* [LISTED RECORDS]:
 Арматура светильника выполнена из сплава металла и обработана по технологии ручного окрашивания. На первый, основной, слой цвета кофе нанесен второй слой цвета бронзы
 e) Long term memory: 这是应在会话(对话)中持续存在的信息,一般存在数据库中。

==

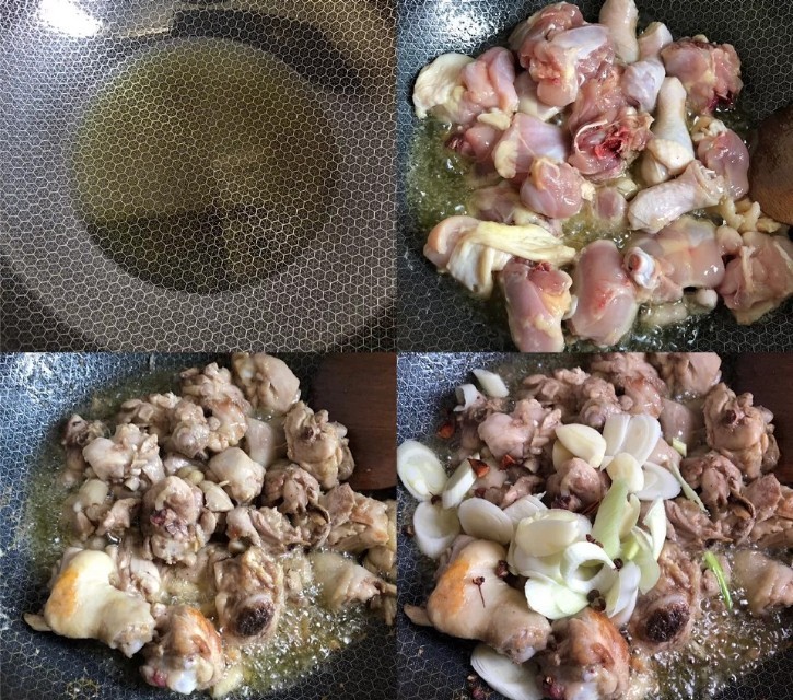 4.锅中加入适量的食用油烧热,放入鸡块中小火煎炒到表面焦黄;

* [HOW TO COMPLETE THIS TASK]: All lines above from the line with "Арматура светильника выполнена" through the line with "e) Long term", both included, are to be set down exactly, with nothing else.

* [WRITTEN RESPONSE]:
 Арматура светильника выполнена из сплава металла и обработана по технологии ручного окрашивания. На первый, основной, слой цвета кофе нанесен второй слой цвета бронзы
 e) Long term memory: 这是应在会话(对话)中持续存在的信息,一般存在数据库中。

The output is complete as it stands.